=== Entries provided ===

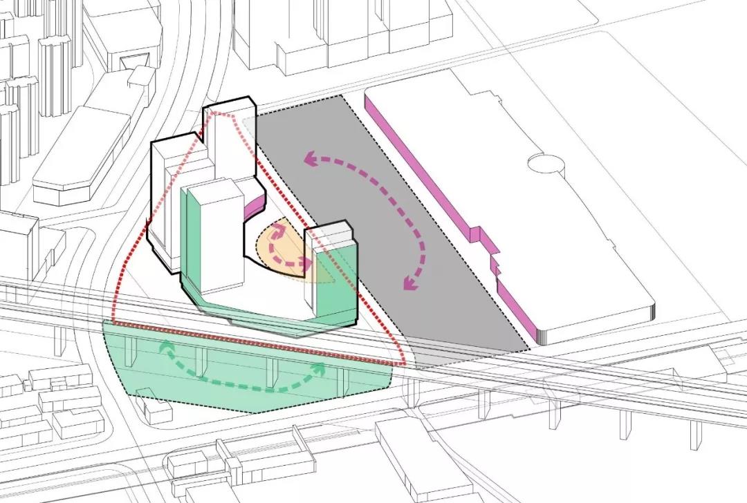 主要人行流線有沿建筑外緣的人行步道和中心半圓廣場(chǎng),廣場(chǎng)部分商業(yè)部分人流集散起主要作用,同時(shí)和東側(cè)永旺商業(yè)形成互補(bǔ)。建筑外緣人行步道分別設(shè)置出入口直接進(jìn)入辦公塔樓內(nèi),以及商業(yè)輔助出入口。
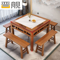 晋舰八仙桌家用四方桌中式正方形餐桌椅组合 120cm岩板长凳花梨色
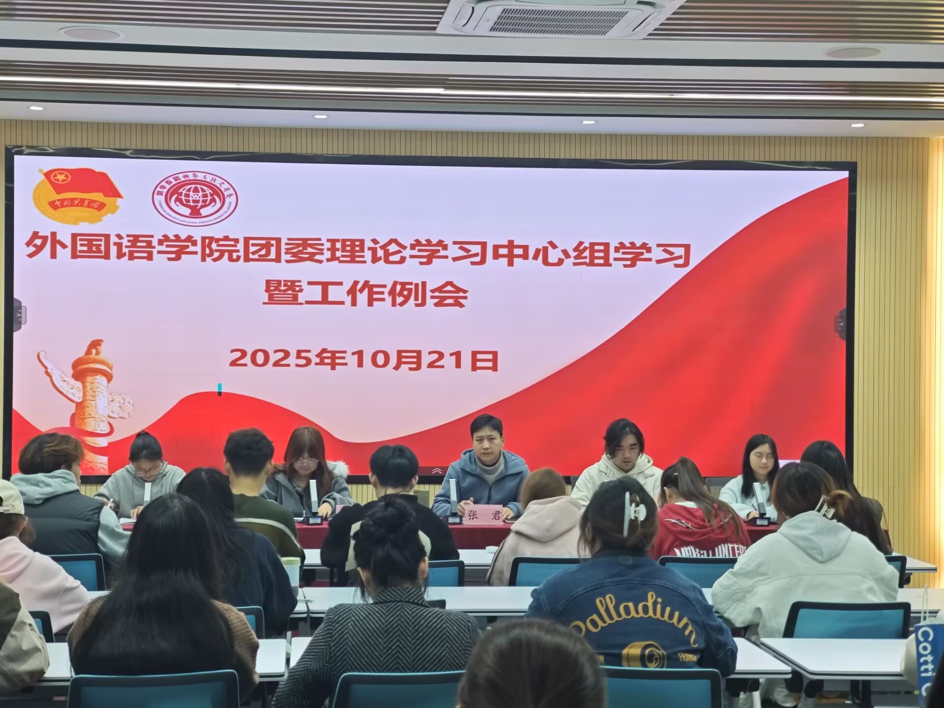 10 月 20 日 18:00,外国语学院团委理论学习中心组 10 月份集中学习暨工作例会在 9 教 209 举行。院团委书记张君、院团委学生会成员以及各年级团支书、班长参加了此次会议。
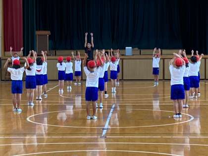 ラジオ体操の練習です。頑張ってね。
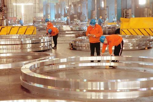 12月19日,山西天寶新能源有限公司生產(chǎn)線正滿負荷加工風(fēng)電項目配套的法蘭。該企業(yè)緊跟新能源發(fā)展步伐,今年已生產(chǎn)風(fēng)電法蘭3.3萬噸、塔筒100套,實現(xiàn)銷售收入4.06億元。其中,風(fēng)電法蘭占到國內(nèi)份額的50%。孫榮祥 攝
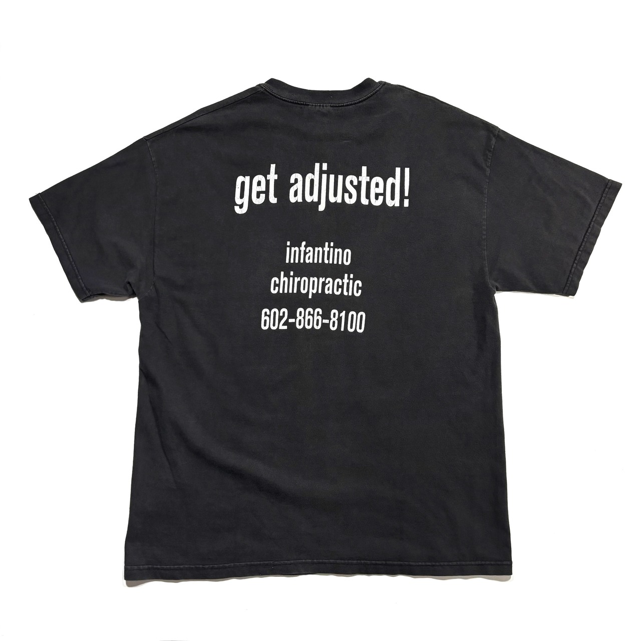 亜脱臼した?といつものgot系パロディのプリントがフロントに施され、バックでカイロプラクティックで治そう!的な感じで上手く広告活用しているTee。その流れも良いし、一発で分からない英単語なのも個人的にクールで良いです。サイズも実はめっちゃいいです。
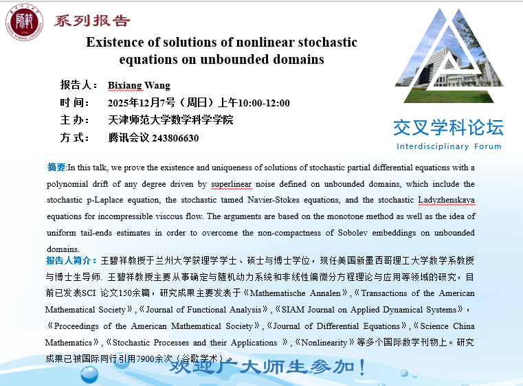【预告】学术报告(2025-25)12月7日--Existence of solutions of nonlinear stochasticequations on unbounded domains
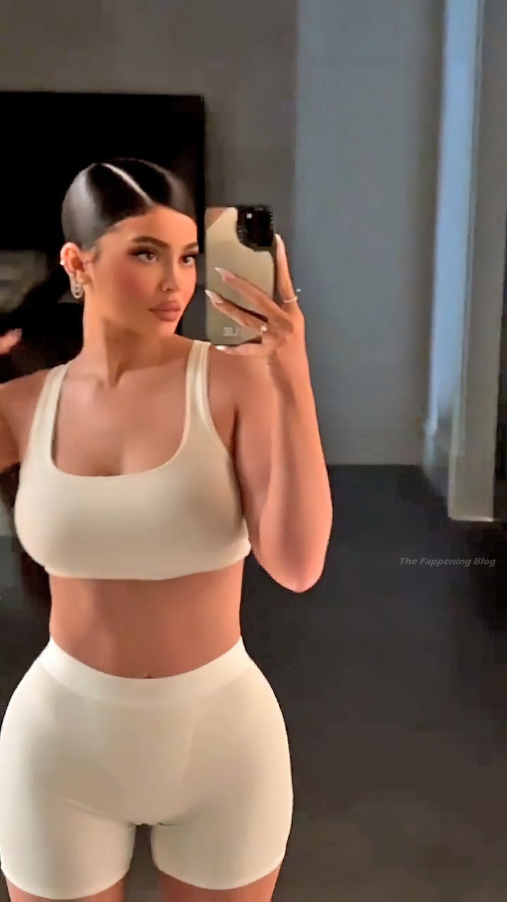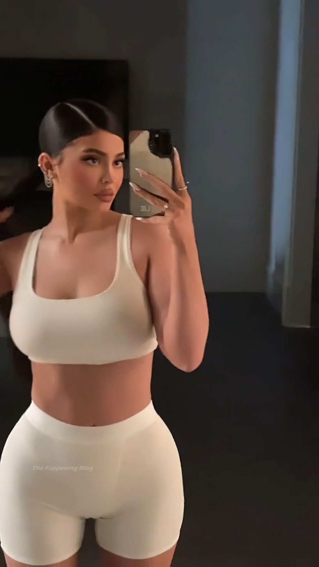 La milliardaire Kylie Jenner montre ses jolis seins et son cameltoe en posant dans sa culotte et son haut moulants dans la vidéo selfie sur les réseaux sociaux ci-dessous, 14/01/2021.
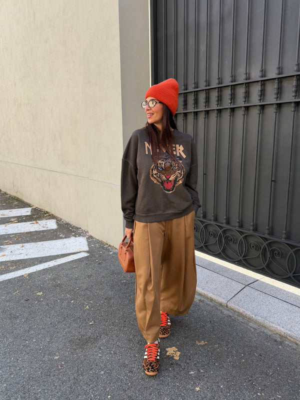 Pantalone modellino ovetto, con peces sul davanti, elastico in vita, presenta tasche.
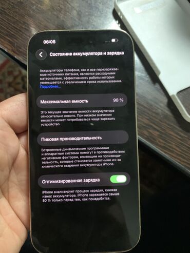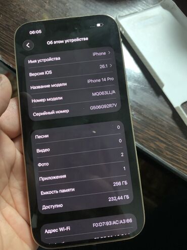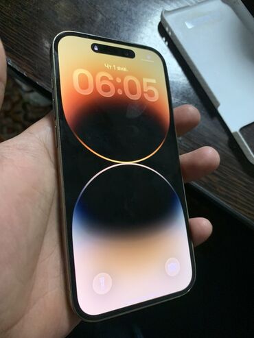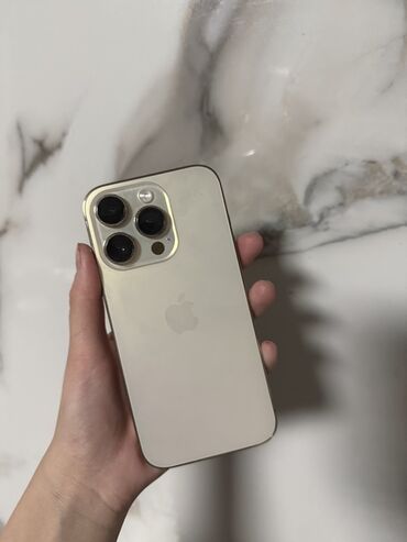 Смартфон Apple iPhone (серия с динамическим островком). Комплектация на фото: коробка, кабель USB‑C—Lightning, сам телефон в цвете «золото/бежевый». Ключевые особенности: - Дисплей с вырезом Dyna...
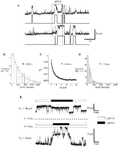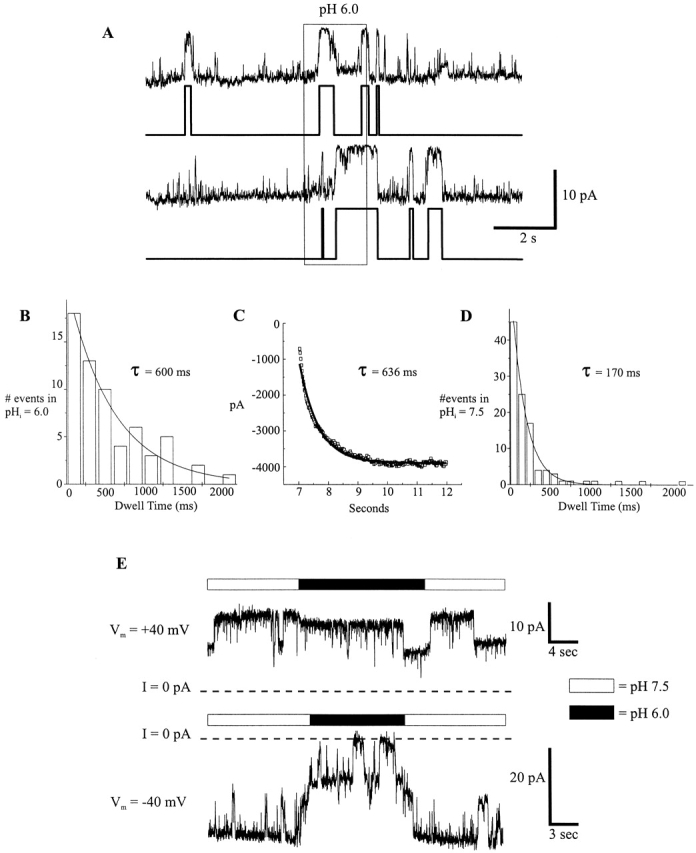 Figure 12. Comparison of Cx46 hemichannel closed times during application of pH 7.5 and 6.0 to an outside-out patch. (A) Example of two current idealizations obtained using the Sublevel Hinkley detector set to low sensitivity. Channel openings are downward deflections in current. Traces are from the same patch as in Fig. 11. Closed times were categorized as pH 7.5 closed times or pH 6.0 dwell times according to the condition in which the event began. (B) Dwell-time histogram of the closed times at pH 6.0 compiled for all 50 traces of the same patch. The histogram was fitted to a single exponential to give a mean closed time of 600 ms. (C) The recovery of the ensemble currents shown in Fig. 8 B after rapidly switching to pH 7.5 from a 2-s application of pH 6.0 was fitted by a single exponential with a time constant of 636 ms, which represents the mean latency to first opening. (D) Dwell-time histogram of the closed times at pH 7.5. A single exponential fit to the distribution gave a mean closed time of 170 ms. Due to the smaller number of events at pH 6.0, binning was increased to 200-ms intervals, compared with 100-ms intervals for pH 7.5 events. (E) Comparison of pH 6.0 applications to an outside-out patch held at +40 and −40 mV. There was an ∼10–15% single channel conductance decrease at +40 mV, but very little change in the open probability of the two channels in the patch (I/I7.5 ≅ 0.91). The pH 6.0 application at −40 mV occurred after one of the channels had already closed. The open probability of the two channels was markedly reduced (I/I7.5 ≅ 0.4). The opening events during the pH 6.0 application may be attributable to both channels. I = 0 pA denotes the leak conductance of the patch.
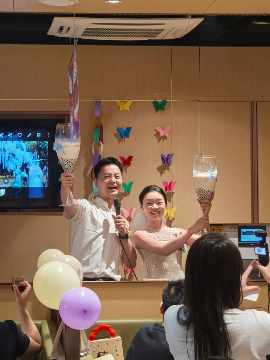 我们整个婚礼主打“快乐无负?!?。用餐原则为宾客全程自助,任意锅底、任意加菜,而我和先生全程举着超大红酒杯串场敬酒,但酒杯里面装的是三大杯珍珠奶茶,端杯时我才意识到原来三杯奶茶那么重,给我把肌肉都举出来了。

===

**Problem statement**:
Your reply should be the lines of the records from the start through the line with "ラジオ体操の練習です。頑張ってね。", copied word for word, pictures omitted.

**Written solution**:
 主要人行流線有沿建筑外緣的人行步道和中心半圓廣場(chǎng),廣場(chǎng)部分商業(yè)部分人流集散起主要作用,同時(shí)和東側(cè)永旺商業(yè)形成互補(bǔ)。建筑外緣人行步道分別設(shè)置出入口直接進(jìn)入辦公塔樓內(nèi),以及商業(yè)輔助出入口。
 晋舰八仙桌家用四方桌中式正方形餐桌椅组合 120cm岩板长凳花梨色
 10 月 20 日 18:00,外国语学院团委理论学习中心组 10 月份集中学习暨工作例会在 9 教 209 举行。院团委书记张君、院团委学生会成员以及各年级团支书、班长参加了此次会议。
 ラジオ体操の練習です。頑張ってね。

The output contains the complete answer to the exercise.